Se le formó un nudo de terror en la garganta al recordar todas las pelis de miedo que había visto.
Diciéndose a sí misma que era Clark quien le hablaba por el móvil, Annie abrió los ojos y chilló.
Detrás de ella, junto a la puerta de su dormitorio, se alzaba una silueta alta y robusta. Desde el punto de vista que le permitía su postura, doblada hacia delante y con la cabeza entre las piernas, a Annie le pareció un tío malvado y amenazador, y no le hubiera extrañado nada que de pronto blandiera un hacha.

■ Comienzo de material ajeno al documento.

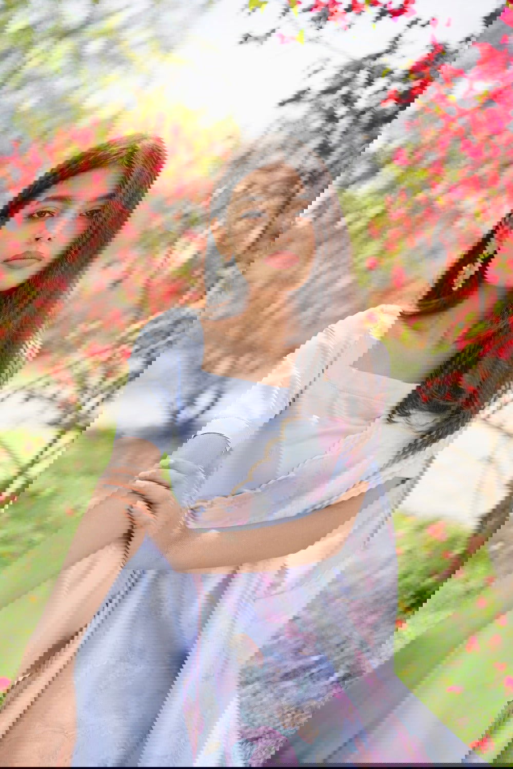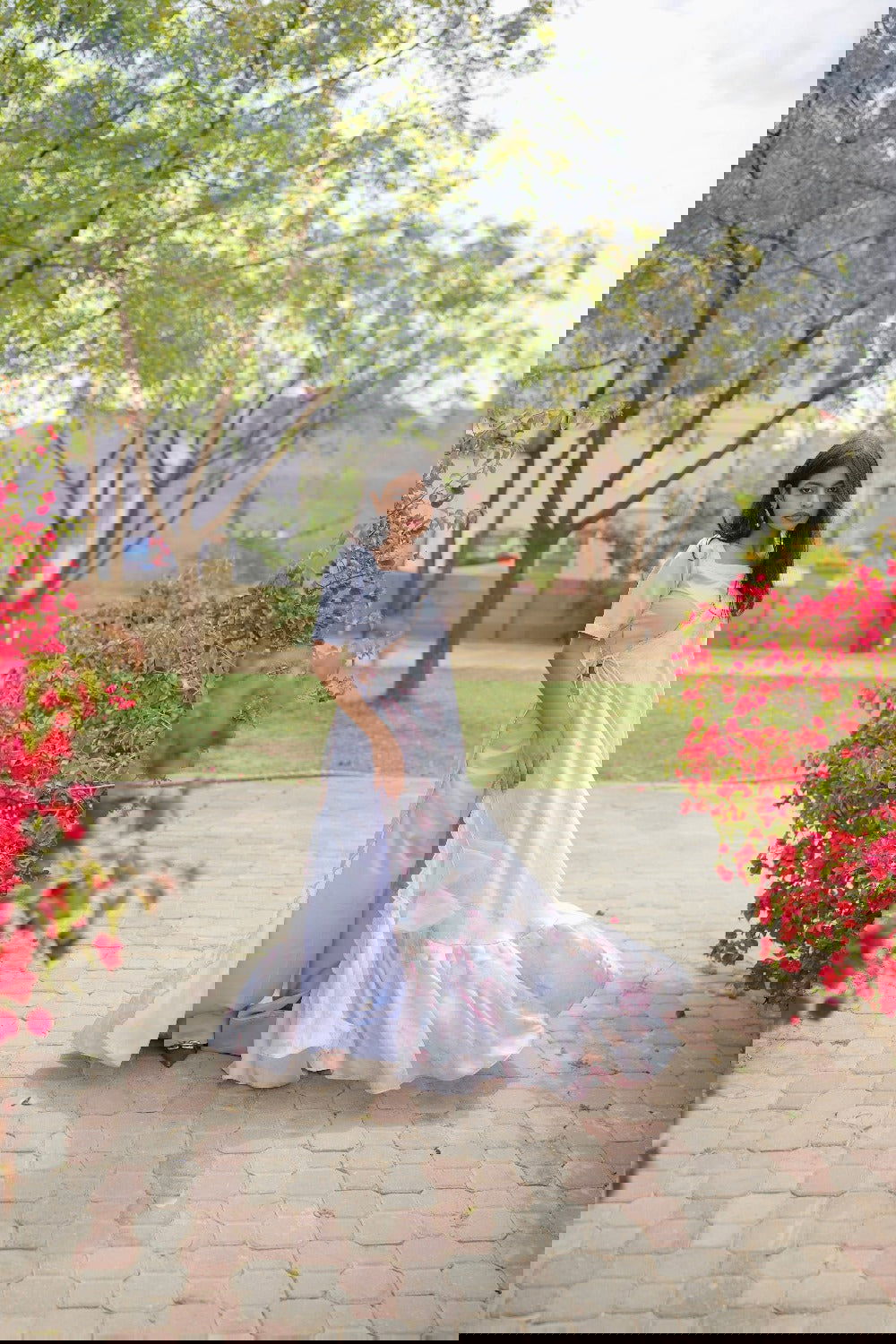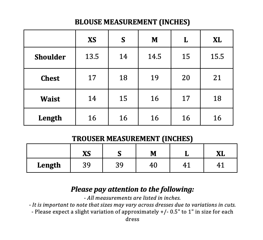 The ensemble consists of three pieces: an inner layer, drape overlay, and pocketed bell pants, offering both style and comfort. The drape overlay is adorned with a delicate scallop border, adding a touch of elegance and femininity to the ensemble. The pocketed bell pants combine functionality with fashion, offering convenience without compromising on style. With a square neckline, the inner layer complements the structured design of the ensemble, adding a modern touch to the traditional silhouette.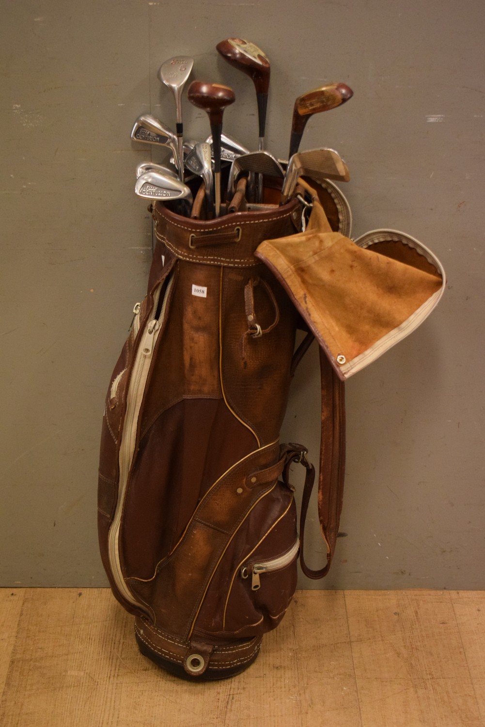 COMPLETE SET OF SPALDING ELITE CENTURION GOLF CLUBS IN BROWN LEATHER BAG WITH ACCESSORIES (A/F) (113H CM) (LEONARD JOEL DELIVERY SIZE: LARGE)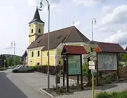 The main landmark of the town centre is the Church of Our Lady of Sorrows. It was built in 1721 on the site of a chapel from the late 17th century. The church was completely rebuilt into its current Neoclassical form in 1826–1846.[8]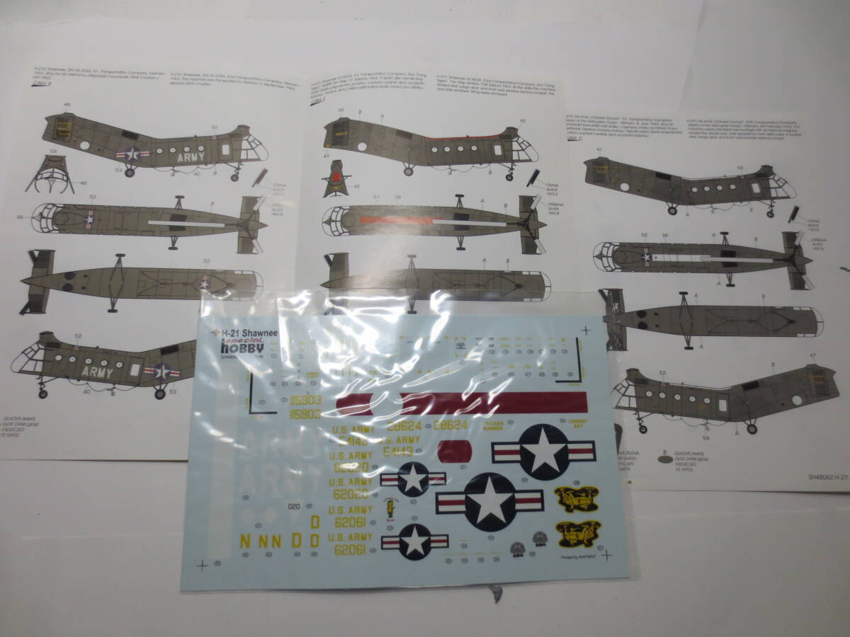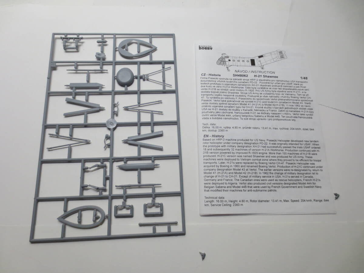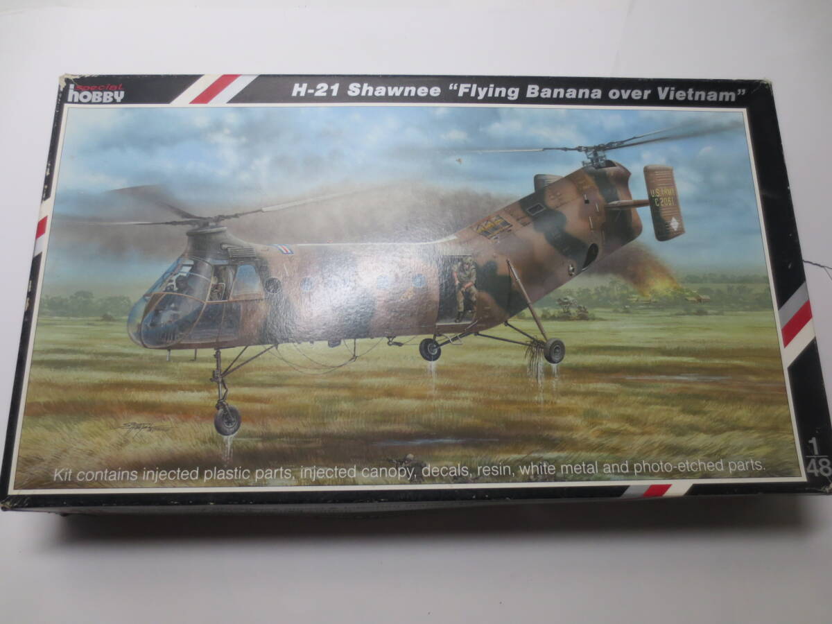 | ○ スペシャルホビー H-21 ショーニー ”フライングバナナ” 1/48の キットです。 ○中袋は開封して写真を撮りました、エッチングパーツも付いています。 | |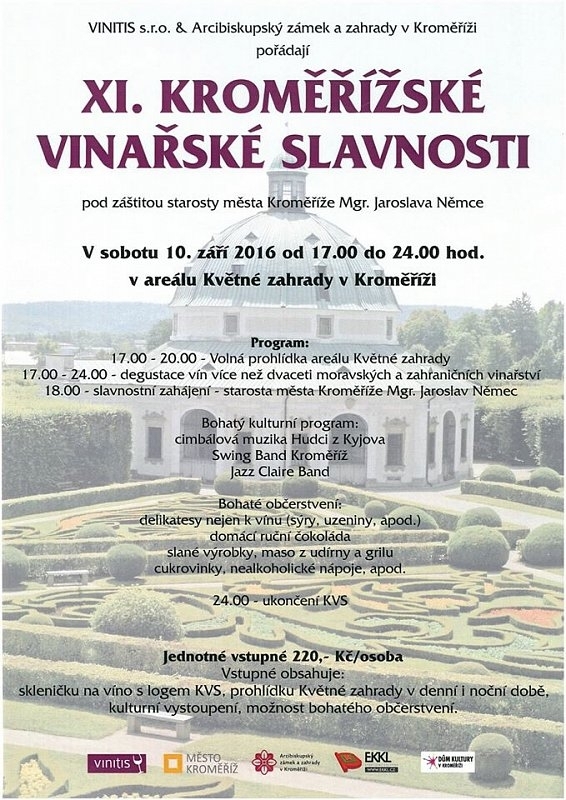 V pořadí jedenáctý ročník populárních Kroměřížských vinařských slavností bude v sobotu 10. září hostit kroměřížská Květná zahrada.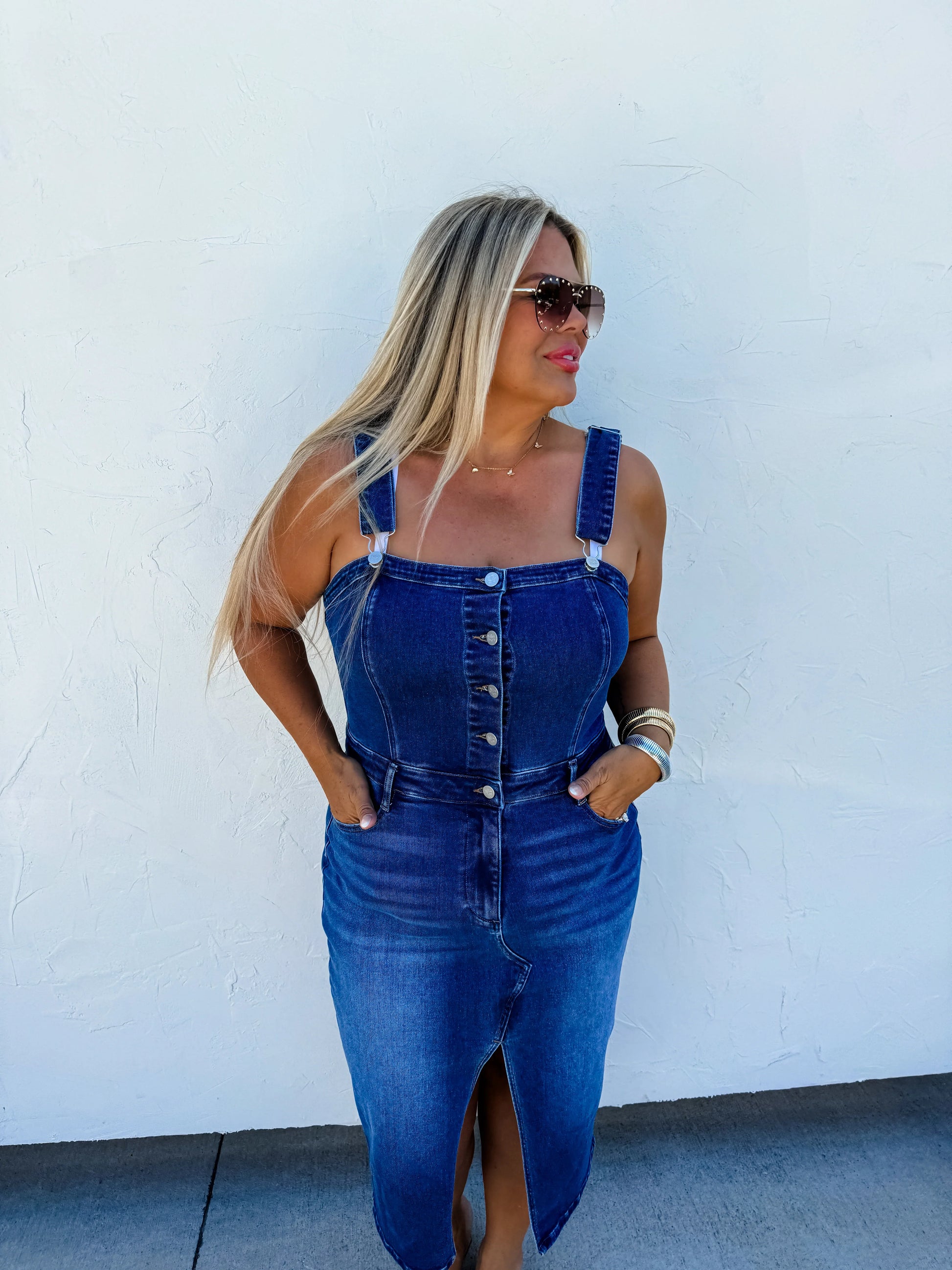 The cutest overalls we have made to date! Trust us when we say you’re not going to want to sleep on these! Such a form flattering stretchy denim that hugs curves in all the right places.

Con el corazón latiendo a una velocidad como si fuera a resquebrajarse, Annie cogió uno de sus zapatos de tacón de aguja, se irguió y se giró. Como arma, dejaba mucho que desear, pero lo levantó con su mirada más intimidante. Una mirada que, según Clark, asustaría a los niños, repelería a los vampiros y lograría que hasta el más inquieto de los pacientes tomara asiento.
Obviamente, los asesinos con hachas eran inmunes. Al menos el suyo, porque levantó una ceja y ella tragó saliva.
Vaya. Simple, pero efectivo.
—¿Quién coño eres? —Annie vio que llevaba el torso desnudo, calzoncillos y el pelo alborotado. Ni rastro del hacha—. Y ¿qué haces durmiendo en mi cama?
El tío clavó los ojos en la vestimenta de Annie mientras esbozaba una sonrisa torcida.
—Yo iba a preguntarte lo mismo, Ricitos de Oro.